*WORK INSTRUCTIONS*: The listing below is to be written out word for word, minus its images.

*DATA PROVIDED*:
-=-=-

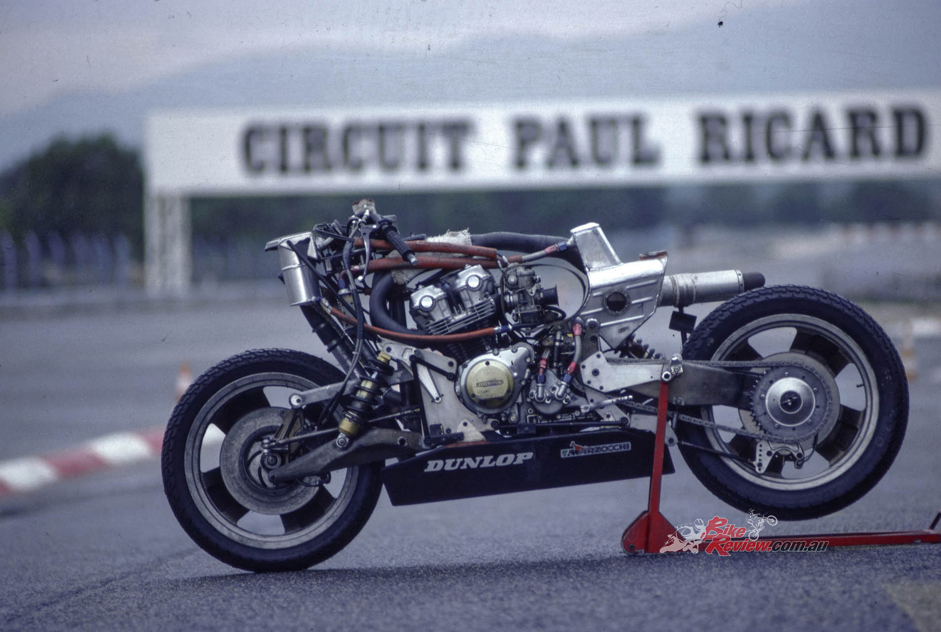 The ELFe’s riding position was slightly unusual because the bars were close together to achieve a wind-cheating posture and you were leaning downwards a bit, too. However, it was perfectly comfortable for me and for its regular riders on the long haul, said Walter Villa, though low-speed manoeuvrability was poor, because it was impossible to exert much leverage on the bars, being so narrowly spaced. In fact, though, you’re not supposed to – and again, I found out the hard way. Coming out of the last turn before the Pits ending lap 1 of my first totally dry session, I cracked the throttle open hard, drifting up onto the kerb as I and most other riders did at that particular spot at Ricard. As the 125 bhp of the Honda engine chimed in all at once I was rewarded with a gigantic shake of the front end – if the tank was in the ‘proper’ place you’d have called it a tank-slapper!
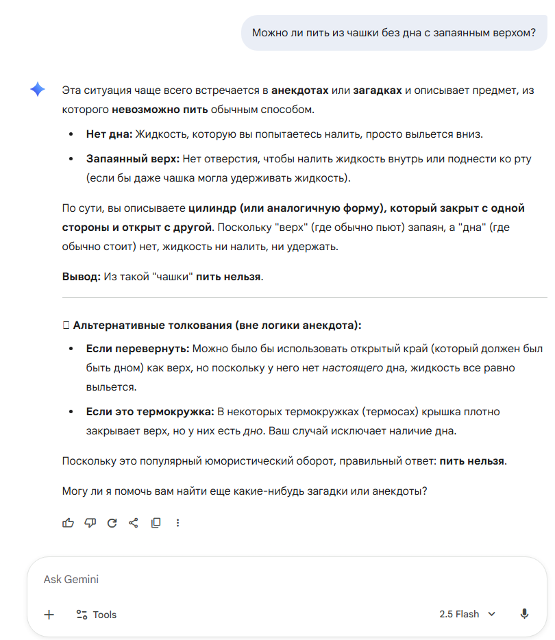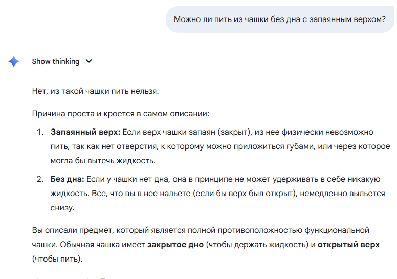 И тем не менее, доверять свою жизнь перемножителю таблиц без образования это херовая идея. Раньше он рекомендовал, как можно приготовить пиццу с клеем. Теперь эту ошибку залатали, но принципиальная проблема осталась. Эта хуйня любит галюционировать но ответы все равно звучат правдоподобно, и это хреново. Кроме того, для некоторых вещей нужны глаза и пальцы опытного специалиста.
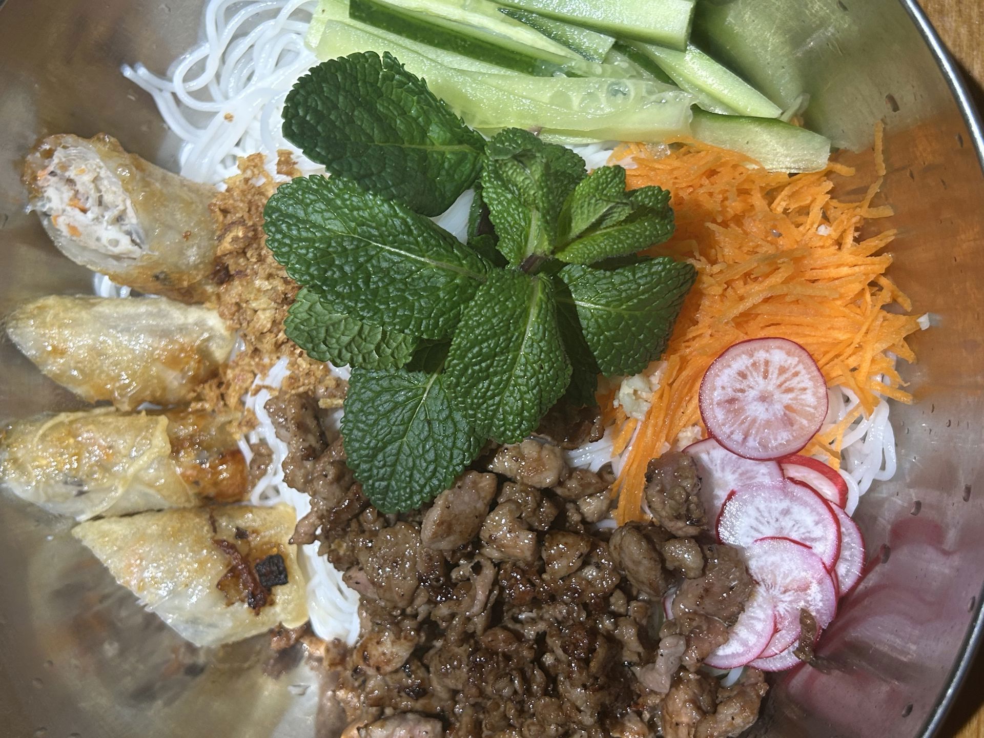 vermicelles de riz • carotte râpée • concombre • batavias • Menthe fraîche • Oignons frits Et nem aux poulets. cacahuètes 🥜 !!
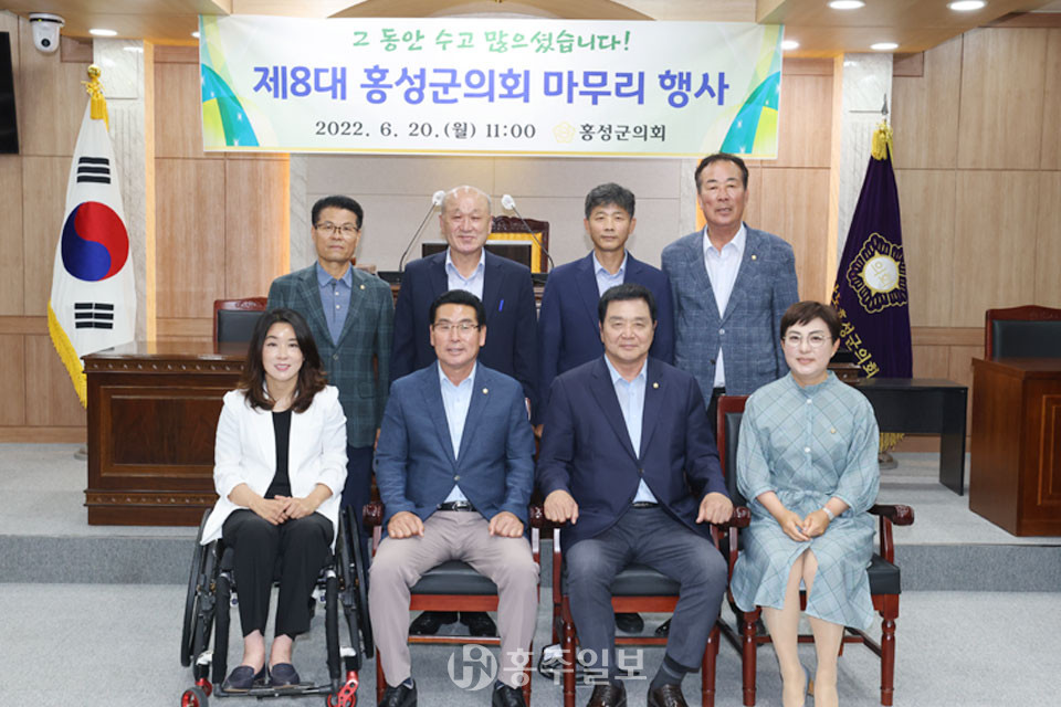 7월이 가까이 오며 제8대 홍성군의회가 마무리되고 새로운 홍성군의회가 의정활동을 준비해 가고 있다. 제8대 군의회(의장 이선균)은 지난 20일 군의회 본회의장에서 ‘제8대 홍성군의회 마무리 행사’를 개최하고 4년간의 공식 일정을 마무리했다.<사진>

-=-=-

*ANSWER TO THIS PROBLEM*:
 The ELFe’s riding position was slightly unusual because the bars were close together to achieve a wind-cheating posture and you were leaning downwards a bit, too. However, it was perfectly comfortable for me and for its regular riders on the long haul, said Walter Villa, though low-speed manoeuvrability was poor, because it was impossible to exert much leverage on the bars, being so narrowly spaced. In fact, though, you’re not supposed to – and again, I found out the hard way. Coming out of the last turn before the Pits ending lap 1 of my first totally dry session, I cracked the throttle open hard, drifting up onto the kerb as I and most other riders did at that particular spot at Ricard. As the 125 bhp of the Honda engine chimed in all at once I was rewarded with a gigantic shake of the front end – if the tank was in the ‘proper’ place you’d have called it a tank-slapper!
 И тем не менее, доверять свою жизнь перемножителю таблиц без образования это херовая идея. Раньше он рекомендовал, как можно приготовить пиццу с клеем. Теперь эту ошибку залатали, но принципиальная проблема осталась. Эта хуйня любит галюционировать но ответы все равно звучат правдоподобно, и это хреново. Кроме того, для некоторых вещей нужны глаза и пальцы опытного специалиста.
 vermicelles de riz • carotte râpée • concombre • batavias • Menthe fraîche • Oignons frits Et nem aux poulets. cacahuètes 🥜 !!
 7월이 가까이 오며 제8대 홍성군의회가 마무리되고 새로운 홍성군의회가 의정활동을 준비해 가고 있다. 제8대 군의회(의장 이선균)은 지난 20일 군의회 본회의장에서 ‘제8대 홍성군의회 마무리 행사’를 개최하고 4년간의 공식 일정을 마무리했다.<사진>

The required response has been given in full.